New Italy govern­ment lets mi­grants dis­em­bark

The Korea Times - - WORLD -

ROME (AFP) — Italy on Satur­day agreed to al­low res­cue ship Ocean Vik­ing to dis­em­bark 82 mi­grants on Lampe­dusa, in a re­ver­sal of the hard­line pol­icy un­der the coun­try’s ex-in­te­rior min­is­ter Mat­teo Salvini.

Far-right leader Salvini was forced out of of­fice last month af­ter bring­ing the govern­ment down, and the new coali­tion has been try­ing to forge its own mi­grant stance.

It is the first time in 14 months that Italy has of­fered a mi­grant res­cue ship a safe port, al­though it took Rome six days and Euro­pean guar­an­tees to re­dis­tribute the mi­grants be­fore it did so.

“The Ocean Vik­ing just re­ceived in­struc­tions from the Mar­itime Res­cue Co­or­di­na­tion Cen­tre of Rome to pro­ceed to Lampe­dusa,” SOS Mediter­ra­nee, which op­er­ates the ves­sel, tweeted.

French In­te­rior Min­is­ter Christophe Cas­taner said there had been an “ad hoc” agree­ment to di­vide the mi­grants be­tween five coun­tries — Italy, France, Ger­many, Por­tu­gal and Lux­em­bourg.

France and Ger­many have agreed to take 25 per­cent of the mi­grants each, with Italy to take 10 per­cent.

“We now need to agree on a gen­uine tem­po­rary Euro­pean mech­a­nism,” Cas­taner added.

The Ital­ian coast­guard will send a ves­sel to pick up the mi­grants at sea in or­der not to dis­turb port op­er­a­tions, Ital­ian me­dia re­ported.

Un­der far-right leader Salvini, char­ity ves­sels with res­cued mi­grants on board faced fines of up to a mil­lion eu­ros as well as the ar­rest of the cap­tain and im­pound­ing of the boat.

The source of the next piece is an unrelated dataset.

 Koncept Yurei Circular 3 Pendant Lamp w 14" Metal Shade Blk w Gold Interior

“Hav­ing been des­ig­nated a place of safety that qual­i­fies as such is good news,” said Ni­cola Stalla, search and res­cue co­or­di­na­tor aboard the Ocean Vik­ing.

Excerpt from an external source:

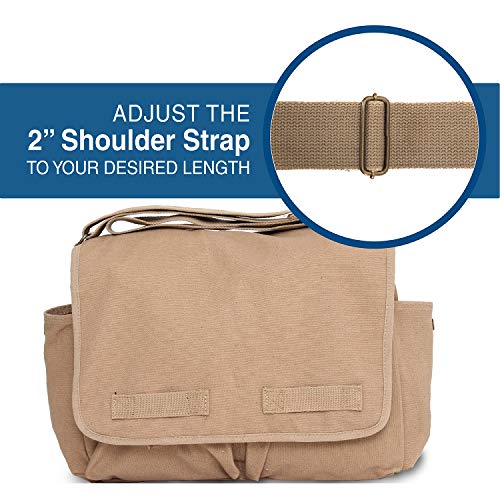 - INNOVATIVE DESIGN FEATURES: Comfortable, 2" inch wide, adjustable shoulder strap designed for comfort during long wear promising not to weigh you down! Top flap with Velcro closure keep your valuables safe and secure while you're on the go. Bag measures 15" x 11" x 6"

“Af­ter dis­em­barka­tion, the Ocean Vik­ing should head back to her search and res­cue mis­sion… be­cause peo­ple con­tinue to die in these wa­ters where no res­cue ship is cur­rently present,” Stalla said in a state­ment.

Refugee camp of Europe

Salvini pulled the plug on the pre­vi­ous govern­ment in Au­gust in the hope of snap elec­tions.

His move back­fired and the League leader is now in op­po­si­tion af­ter pre­vi­ous ally the Five Star Move­ment and the cen­tre-left Demo­cratic Party agreed a coali­tion.

“Here we go, ports open with­out lim­its,” Salvini tweeted af­ter the safe port an­nounce­ment.

“The new govern­ment is re­open­ing the ports, Italy re­turns to be­ing the refugee camp of Europe. Abu­sive min­is­ters who hate Ital­ians,” he wrote.

While Salvini spent much of his time as min­is­ter launch­ing di­a­tribes against mi­grants and res­cue char­i­ties, his re­place­ment is a civil ser­vant and im­mi­gra­tion expert, Lu­ciana Lamorgese.

Ital­ian for­eign min­is­ter and M5S leader Luigi Di Maio, Salvini’s for­mer ally, told Ital­ian tele­vi­sion that “the safe port was as­signed be­cause the Euro­pean Union agreed to our re­quest to take most of the mi­grants”.

Medecins Sans Fron­tieres (Doc­tors With­out Bor­ders), which runs the ship jointly with SOS Mediter­ra­nee, said the group com­prised 58 men, six women and 18 mi­nors.